The Ryan Budget Resolution – Implications for Children’s Coverage – Say Ahhh! A Children’s Health Policy Blog

Yesterday, House Budget Committee Chairman Paul Ryan
(R-WI) released a lopsided budget plan that harms the most vulnerable and
protects the most secure.

It would radically alter Medicaid and shift costs to the
states by changing Medicaid to a block grant and deeply slashing federal
funding for the program by $771 billion over the next ten years.  Along the way, it also would repeal
health care reform (bringing the total size of the Medicaid cuts to $1.4
billion) and turn Medicare into a privatized voucher program while protecting
corporate tax breaks and extending tax cuts to the wealthy.  For children, this is an
extraordinarily high stakes debate. 
Medicaid, together with CHIP, has been a core component of the nation’s
success in covering children and the future of this program is key to the
future of our nation’s children.

  • Medicaid, along with its companion program, CHIP,
    covers close to one in three of America’s children and is largely responsible
    for the nation’s success in driving uninsured rates down to the lowest level on
    record.
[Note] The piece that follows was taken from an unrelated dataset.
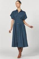 Plisse Denim Button Up Dress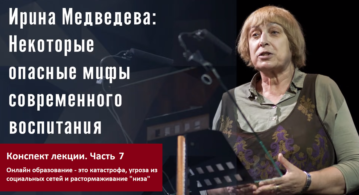 Продолжение конспекта видеолекции детского психолога Ирины Медведевой – о современных опасных мифах в воспитании. 7-я часть. Предыдущие: 1, 2, 3, 4, 5, 6. Или смотрите видео. В этой части (№7): Онлайн образование – это катастрофа и, помимо прочего, угроза обороноспособности «Теперь модно говорить «тренинг общения». Да разве можно школу сравнить даже с сотней тренингов общения? Школа – это уникальная территория! Кроме того, конечно, что это обучение, которое развивает интеллект, дает необходимые знания. Но она и психику тренирует для будущей взрослой жизни. Это необходимо. Поэтому еще так страшно то, что сегодня нам предлагают так называемое онлайн образование. Даже то, что это было в течение месяца – уже катастрофично. А если не дай бог скажут, что надо перевести детей на это образование… Потому что это же очень выгодно - сколько денег сэкономит государство. Нельзя экономить на образовании! Представляете: один учитель на всю страну будет рассказывать по интернету о географии, другой –

Many of these children are in low and moderate-income working families
    who lack access to affordable coverage through their parents’ jobs.  They rely on Medicaid for flu shots so
    their kids can stay healthy.  They
    look to it for hearing tests and glasses so their children can grow and learn,
    as well as for physicals so they can play sports.  In many families, Medicaid provides children with the
    medical care that they need so they can thrive in the face of common medical
    conditions such as asthma and ADHD.
  • For special needs children, Medicaid is an essential
    life-line.  While most children
    covered through Medicaid are quite healthy, a small number (3.6 million) are
    some of the most vulnerable children in America – children living with autism,
    Downs Syndrome, cerebral palsy or other disabilities or who have to turn to
    Medicaid to cover their cancer treatment. 
    For example, Medicaid pays for close to half of all NICU care and of all
    hospitalizations of infants born with birth defects.  For many of these children, Medicaid offers lifesaving care
    and allows them to be raised at home. 

In its initial analysis of the proposal, the
Congressional Budget Office has estimated that under Ryan’s plan “federal
spending for Medicaid would be 35 percent lower in 2022 and 49 percent lower in
2030 than currently projected.” 
(In this instance, they effectively left aside health reform and
considered only what would happen to projected spending for the current
Medicaid program).  In its usual
staid style, CBO goes on to note that these cuts are of such a magnitude that
states will probably need to cut spending on other programs; increase taxes;
reduce payments to providers; reduce the scope of benefits; or limit
eligibility.  To put it less
staidly, the proposal would be devastating to the nation’s children, who make
up the majority of people covered by Medicaid.